彼らが何を信用しているのか解りませんが、彼らを捕らえて取引し、第六G開発チームに加える事が出来たのなら、耐久硬度は高まるでしょう。
間違っても中心部構築に関わらせてはなりませんが、突破テスト役には最適です。
第六G開発に対するスカウトの必要なメンバーは、中心人物となる天才が一名、中心人物の補佐役兼研修役に、国内から一名。開発サポートとしてご指名された者が必要数名。その隷下として我が国から研修目的も含めた同数名が入り、強固に外部から隔離された研究開発室にて理論を構築。
構築されたプロトタイプを、Bチーム…即ち世界レベルのハッカー集団に突破トライアルさせ、試験にかけます。
もし弱点を提示できたらボーナスを出す方向で。
こうしてダメ出しされたプロトタイプは研究室へ戻され、根本的構築と改善が試みられます…この繰り返しでいかがと考えます。
何かヤル気が出るカンフル剤がないと心が折れそうな流れですよね。私ならBチームに憎悪を抱くかも知れません。

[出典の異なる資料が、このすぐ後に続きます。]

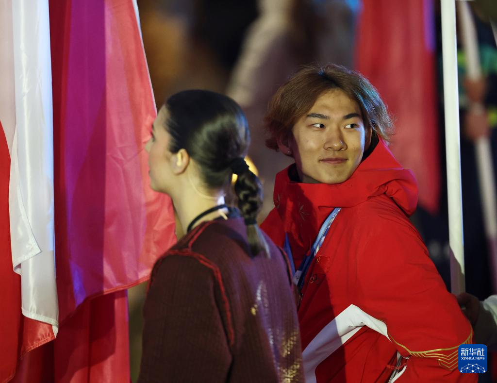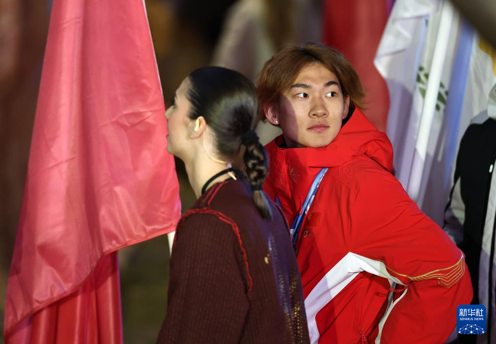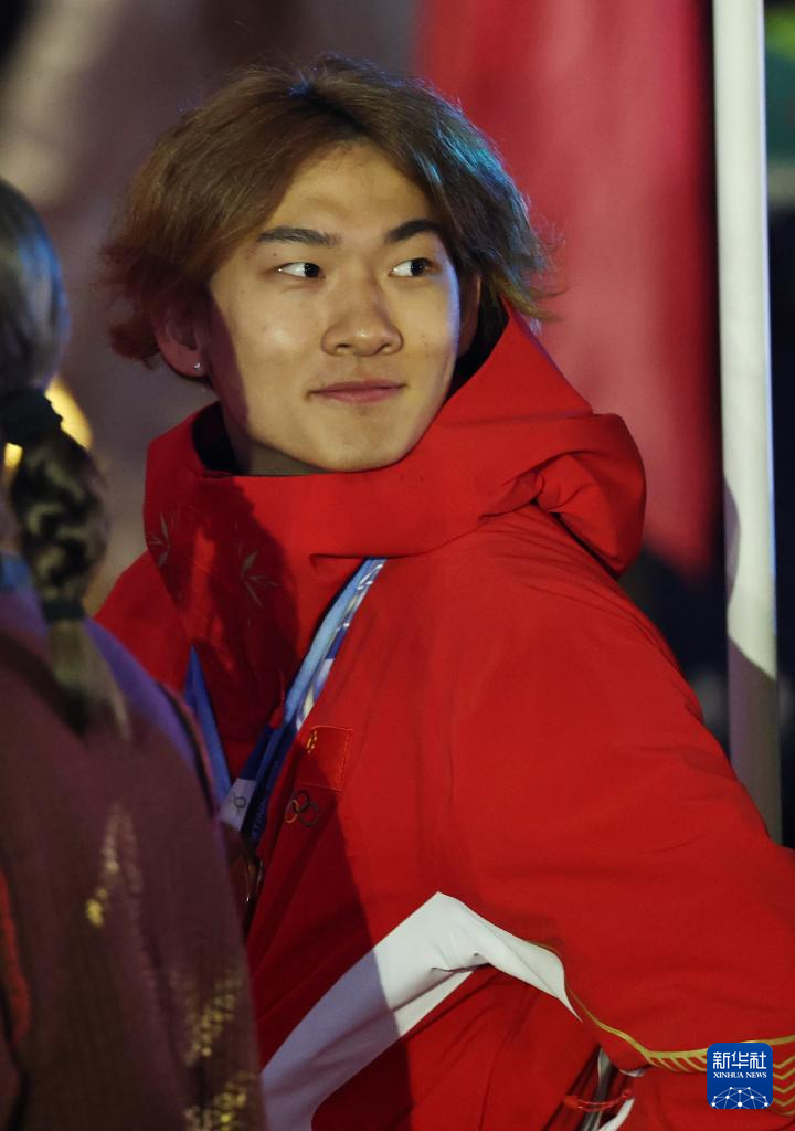 2月22日,中国体育代表团旗手苏翊鸣准备入场。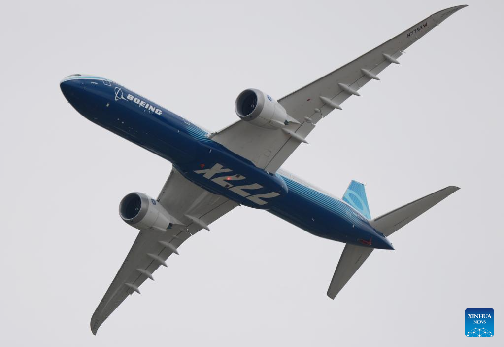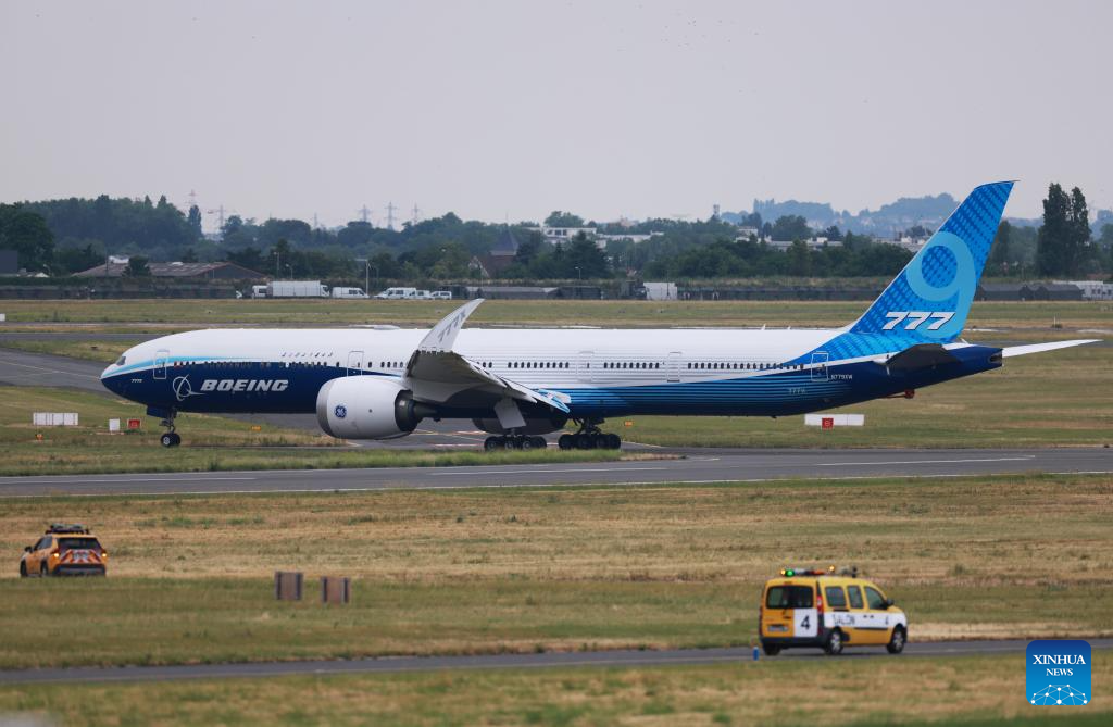 This photo taken on June 19, 2023 shows a demonstration of the Boeing 777X aircraft during the 54th International Paris Air Show held at Le Bourget Airport near Paris, France. The 54th International Paris Air Show kicked off here on Monday and will last to June 25, 2023. (Xinhua/Gao Jing)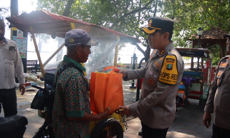 Kapolres Kepulauan Seribu Gelar Jumat Peduli di Pulau Harapan, Bagikan Sembako untuk Nelayan dan Pengemudi Bentor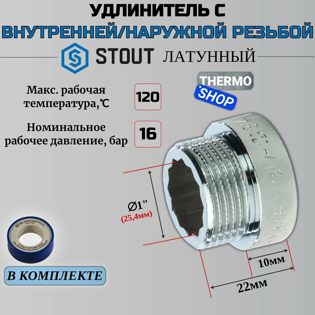 Удлинитель хромированный 1"X25 сантехнический для труб ФУМ лента 10 м

しかし実際の世界は悪意に満ちており、セキュリティーとは、その悪意から秩序を守る為に必要な存在です。
…とは言え、否定ばかりされていては、どんな人間でも心が荒みます。ですから開発チームのメンバーに対する心身ケアには、特に注意を払っておいた方が良いでしょう。
研究環境も殺伐とさせず、メンタルに気を配ったデザインや空間に配慮すべきであり、心療医や精神医は常駐させておくべきでしょう。
『人間はコンピューターではなく、生物である、という事を、失念しないでいただきたいのです』。
…という方向でならば…これでも恐ろしい程の国家予算を持って行く事は確実だと思われますが…最小限の投資で済ませる事ができます。
しかも第六世代として公表された瞬間、それはもう攻撃の対象となり劣化の一途を辿る他ないのです。
つまり、第六世代の公表目途が立った瞬間に、第七世代の開発を始めないと危機的であるということになります。
しかし情報の安全硬度は最も売れる海外貿易商材の一つでもあります。
下手な軍事兵器より、余程、世界需要の高い分野です。当の軍事兵器に搭載され、生命線を担っていますし。
日本国として敢えて第五世代の国産製品への注力を棄て、第六世代開発に賭けることは、国家経済再建に欠かせない国家事業であると考えます。